The work has been carried out in close collaboration between Olweus’ group at UiO/OUS, where the first author of the study, Eirini Giannakopoulou, has been the driving force, and Woll and Jacobsen’s groups at KI, where doctoral students Madeleine Lehander and Stina Virding Culleton have played central roles.
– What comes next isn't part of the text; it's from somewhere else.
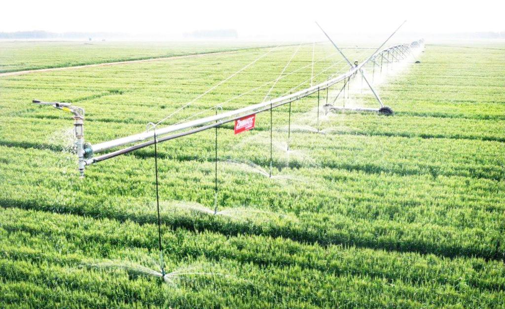 自走式指针喷灌机正在“211”种养循环生态农场的麦田里工作。受访者供图
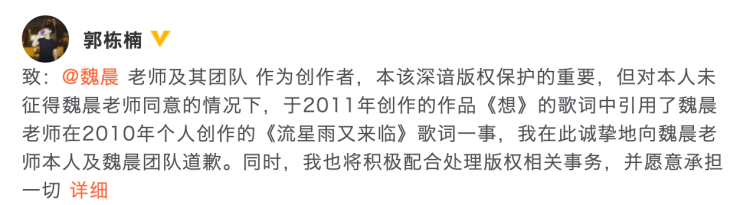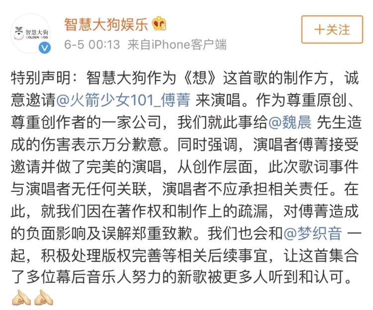 紧接着,这首歌的制作方智慧大狗也发表声明,向魏晨道歉,将演唱者傅菁从中撇清,并表示已与魏晨沟通过此事……

The research was mainly funded by the Swedish Research Council, the Knut and Alice Wallenberg Foundation, the Tobias Foundation, the Torsten Söderberg Foundation, the Research Council of Norway, the Norwegian Cancer Society, and the European Research Council. A patent application has been filed by Inven2 (UiO/OUS) protecting the T-cell receptor sequence where Johanna Olweus and Eirini Giannakopoulou are listed as inventors. Johanna Olweus is on the scientific advisory board of Asgard Therapeutics and is one of the founders of T-Rx Therapeutics. The other co-authors declare no potential conflicts of interest.

Publication

“A T cell receptor targeting a recurrent driver mutation in FLT3 mediates elimination of primary human acute myeloid leukemia in vivo”, Eirini Giannakopoulou, Madeleine Lehander, Stina Virding Culleton, Weiwen Yang, Yingqian Li, Terhi Karpanen, Tetsuichi Yoshizato, Even H Rustad, Morten Milek Nielsen, Ravi Chand Bollineni, Trung T Tran, Marina Delic-Sarac, Thea Johanne Gjerdingen, Karolos Douvlataniotis, Maarja Laos, Muhammad Ali, Amy Hillen, Stefania Mazzi, Desmond Wai Loon Chin, Adi Mehta, Jeppe Sejerø Holm, Amalie Kai Bentzen, Marie Bill, Marieke Griffioen, Tobias Gedde-Dahl, Sören Lehmann, Sten Eirik W Jacobsen, Petter S Woll, Johanna Olweus, Nature Cancer, online 2 October 2023, doi: 10.1038/s43018-023-00642-8.